Ермолаич все старался шутить в рифму и вообще вел речь, отзывавшуюся искусственною выделанностию простонародного говора.
– Нет, это уж мы верно знаем, – отвечал Ермолаичу спорливый мужик.
– Да; нам баил сам пегий барин, что помещик, баит, огонь нарочно не хочет гасить.
– Когда он это баил, пегий барин? – переспросил Ермолаич и, в десятый раз с величайшим вниманием прослушав краткое изложение утренней беседы Висленева с мужиками за гуменником, заговорил:
– Ну его, ну его, этого пегого барчука, что его слушать!
– А отчего и не послушать-то? Нет, он все за мужиков всегда рассуждает.
– Он дело баит: побить, говорит, их всех, да и на что того лучше?
– Ну дело! легка ли стать! Не слушайте его: ишь он как шелудовый торопится, когда еще и баня не топится. Глядите-ка лучше вон как мужички-то приналегли, ажно древо визжит! Ух! верти, верти круче!

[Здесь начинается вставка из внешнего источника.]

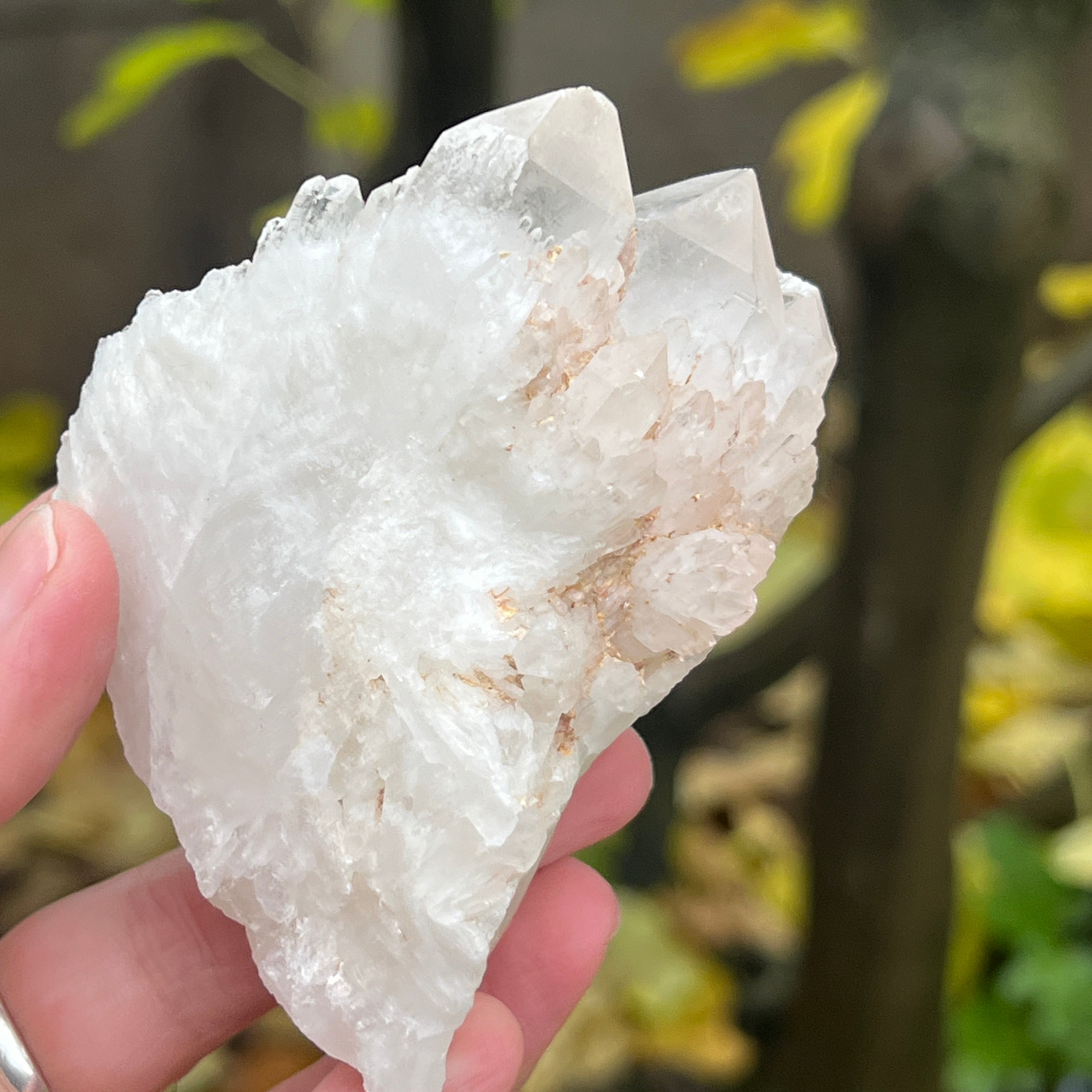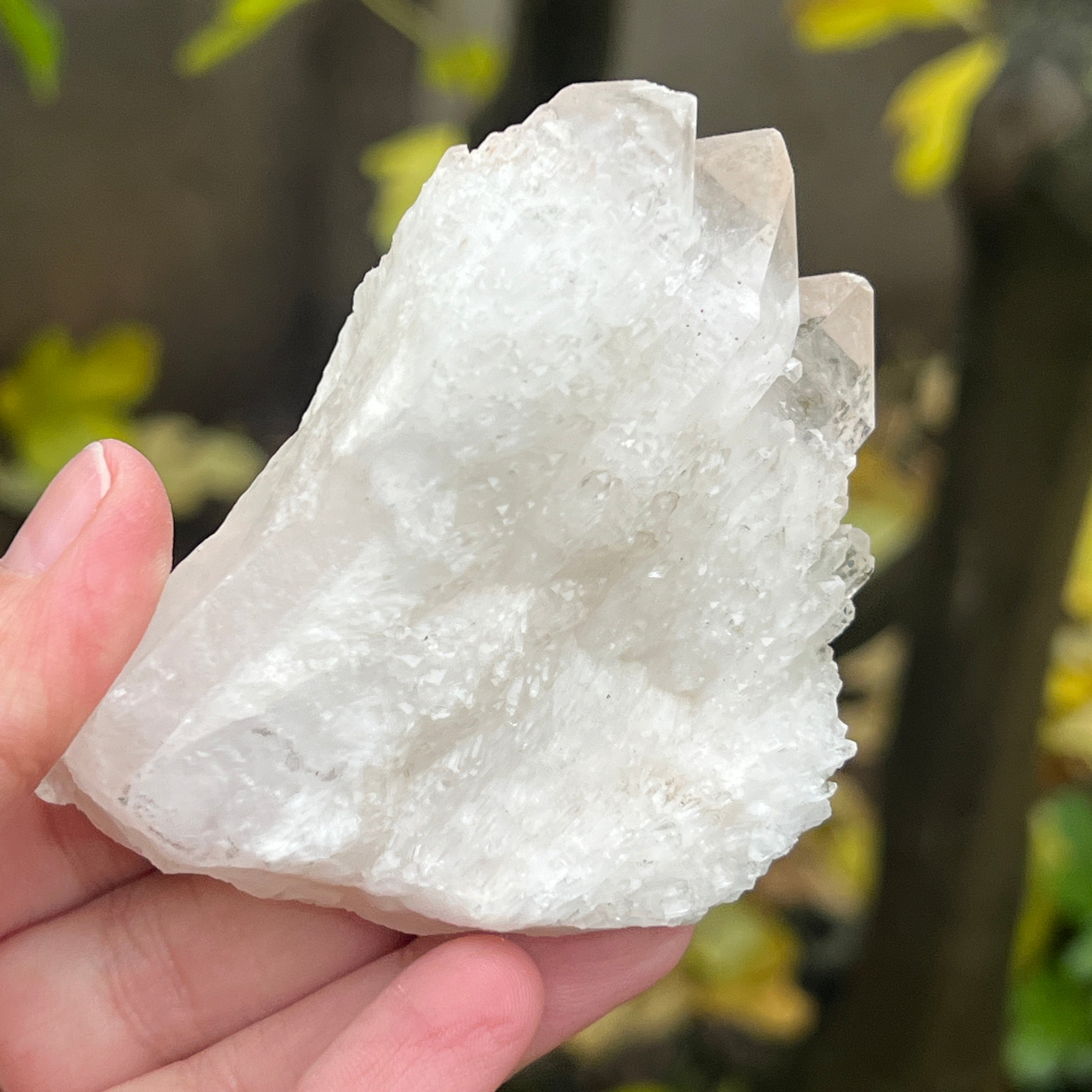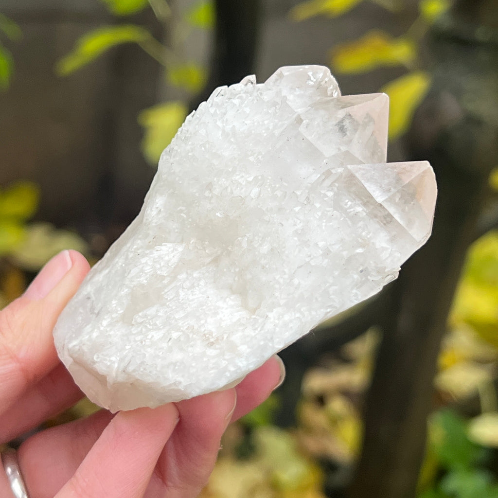 Un vârf care pare sculptat de lumină însăși. Cuartul celest, cunoscut și ca cuart lumânare, îmbină forța unui cristal de cuarț cu blândețea și strălucirea unei flăcări interioare. Forma sa unică, asemănătoare unui ananas cristalin, emană o energie de purificare profundă și de conectare cu planurile superioare ale conștiinței.

Ух! вот сейчас возлетит орел во рту огонь, а по конец его хвоста и будет коровья смерть.
Народ налегал; вожжи ходили как струны и бревно летало стрелой; но спорливый мужик у кочки и здесь ворчал под руку, что все это ничего не значит, хоть и добыли огонь: не поможет дегтярный крест, когда животворящий не помог.
Ермолаич и ему стал поддакивать.
– Ну да, – засластил ои своим мягким голоском, – кто спорит, животворный крест дехтярного завсегда старше, а знаешь присловье: «почитай молитву, не порочь ворожбы».
Это встретило общее одобрение, и кто-то сейчас же завел, как где-то вдалеке с коровьей смертью хотели одни попы крестом да молитвой справиться и не позволяли колдовать: билися они колотилися, и ничего не вышло. И шел вот по лесу мужик, так плохенький беднячок, и коров у него отроду ни одной не было, а звали его Афанасий и был он травкой подпоясан, а в той-то траве была трава змеино видище. Вот он идет раз, видит сидит в лесу при чищобе на пенечке бурый медведь и говорит: «Мужик Афанасий травкой подпоясан, это я сам и есть коровья смерть, только мне божьих мужичков очень жаль стало: ступай, скажи, пусть они мне выведут в лес одну белую корову, а черных и пестрых весь день за рога держут, я так и быть съем белую корову, и от вас и уйду». Сделали так по его, как он требовал, сейчас и мор перестал.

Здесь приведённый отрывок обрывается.